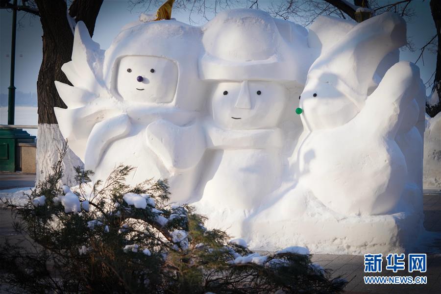 這是哈爾濱市的松花江畔的雪人(1月2日攝)。新華社記者王松攝
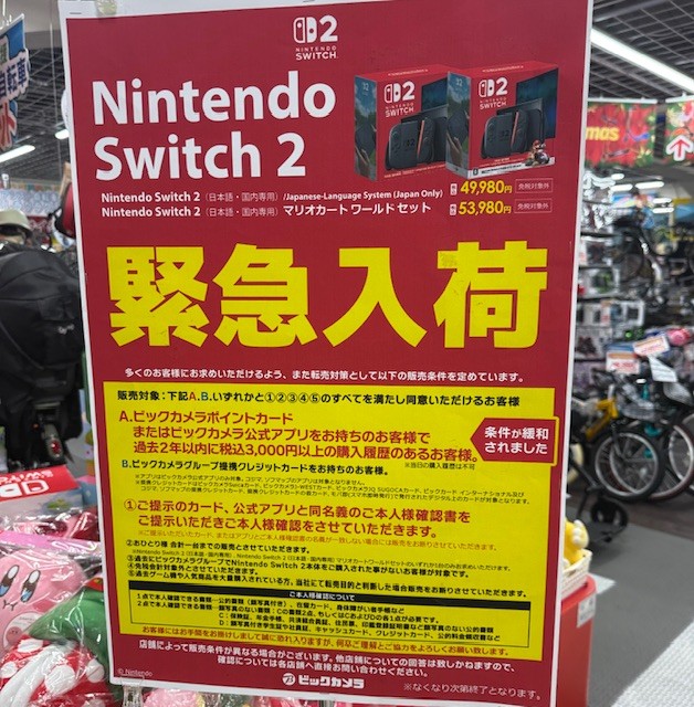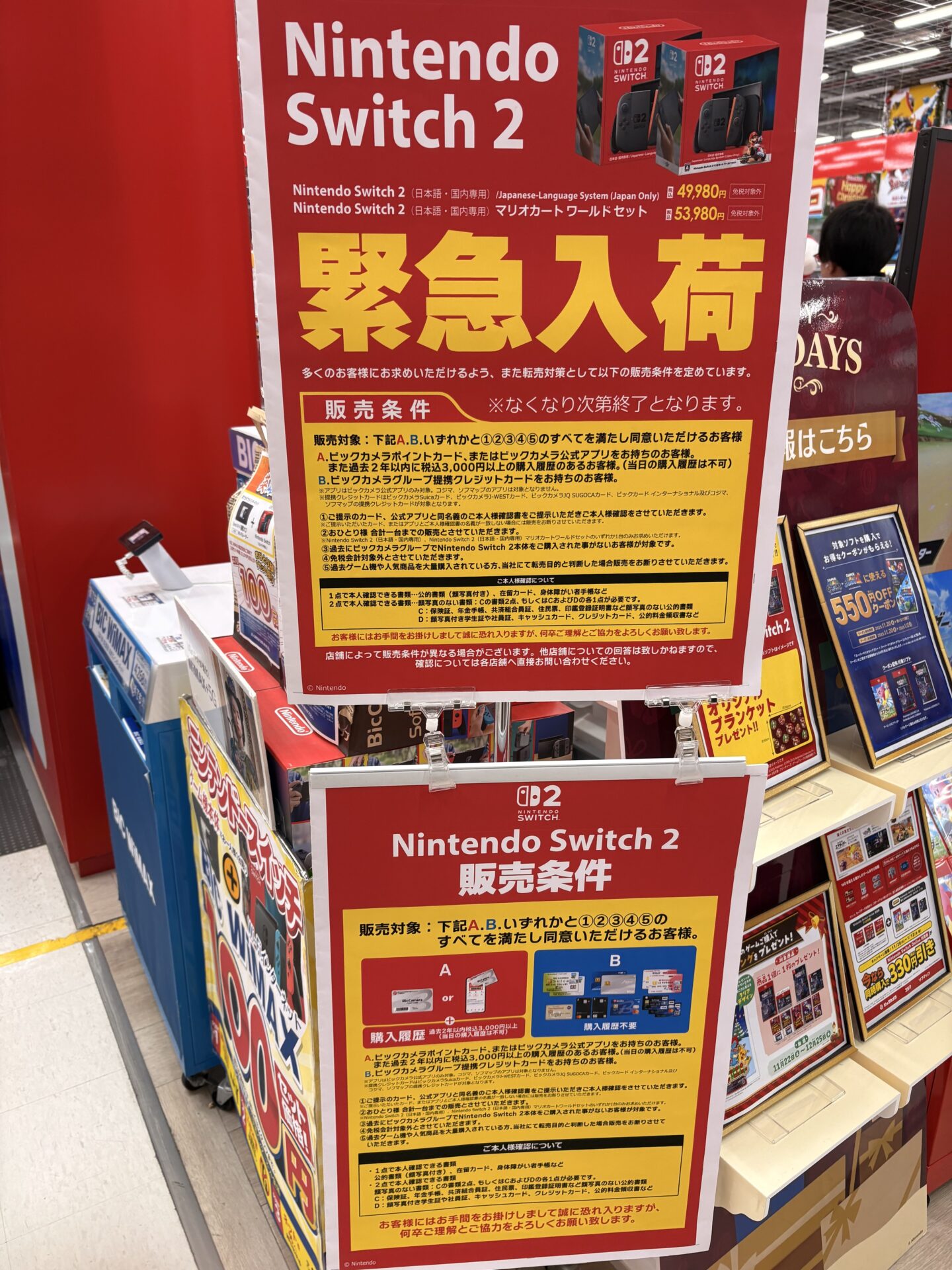全国のビックカメラとコジマ店頭で、ヨドバシカメラを超える5万台のSwitch2店頭販売(先着順)が実施されました!
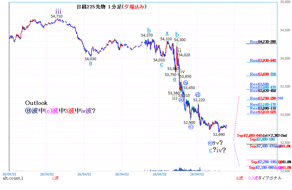 ★54,710円以来はダブルスリー(ジグザグ+フラット)を描いている可能性、小難しい話を横に置けば52,690円安値現在、53,010円~020円、53,090円~110円は強くかつ重要なレジスタンス。上限アップは「52,690円、良いトコロ」を暗示する最初のサイン。
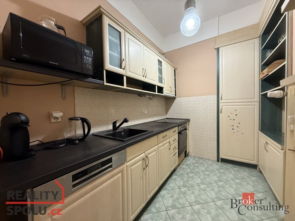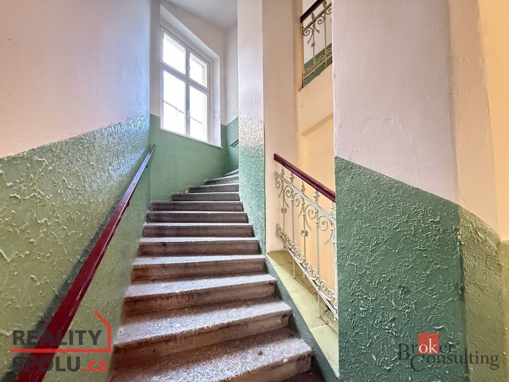 Jedná se o bytovou jednotku ve staré zástavbě, dům je v udržovaném stavu. Bytová jednotka se nachází ve 3. nadzemním podlaží bez výtahu a nabízí výhled na ulici směrem k parku, orientována je na východ. Disponuje obývacím pokojem o výměře 19m2 a ložnicí s výměrou 10m2. Zařízení na fotografiích v těchto dvou pokojích může být ponecháno k užívání nájemci. Velkou předností je prostorná a světlá koupelna, nad kterou lze využít malý úložný prostor, ve vstupní chodbě jsou k dispozici vestavěné skříně. Kuchyňský kout je plně vybaven. Domácí spotřebiče jsou také k dispozici nájemci. K bytové jednotce není sklepní kóje.
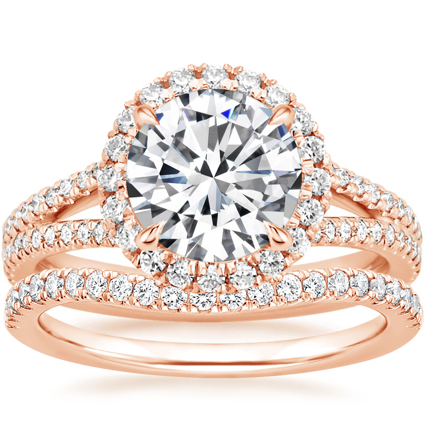 14K Rose Gold Fortuna Diamond Ring (1/2 ct. tw.) with Curved Ballad Diamond Ring (1/6 ct. tw.)

________________________

## GOAL OF THE EXERCISE
Write out the data in full and exactly as given, though without the images.

## EXERCISE SOLUTION
 這是哈爾濱市的松花江畔的雪人(1月2日攝)。新華社記者王松攝
全国のビックカメラとコジマ店頭で、ヨドバシカメラを超える5万台のSwitch2店頭販売(先着順)が実施されました!
 ★54,710円以来はダブルスリー(ジグザグ+フラット)を描いている可能性、小難しい話を横に置けば52,690円安値現在、53,010円~020円、53,090円~110円は強くかつ重要なレジスタンス。上限アップは「52,690円、良いトコロ」を暗示する最初のサイン。
 Jedná se o bytovou jednotku ve staré zástavbě, dům je v udržovaném stavu. Bytová jednotka se nachází ve 3. nadzemním podlaží bez výtahu a nabízí výhled na ulici směrem k parku, orientována je na východ. Disponuje obývacím pokojem o výměře 19m2 a ložnicí s výměrou 10m2. Zařízení na fotografiích v těchto dvou pokojích může být ponecháno k užívání nájemci. Velkou předností je prostorná a světlá koupelna, nad kterou lze využít malý úložný prostor, ve vstupní chodbě jsou k dispozici vestavěné skříně. Kuchyňský kout je plně vybaven. Domácí spotřebiče jsou také k dispozici nájemci. K bytové jednotce není sklepní kóje.
 14K Rose Gold Fortuna Diamond Ring (1/2 ct. tw.) with Curved Ballad Diamond Ring (1/6 ct. tw.)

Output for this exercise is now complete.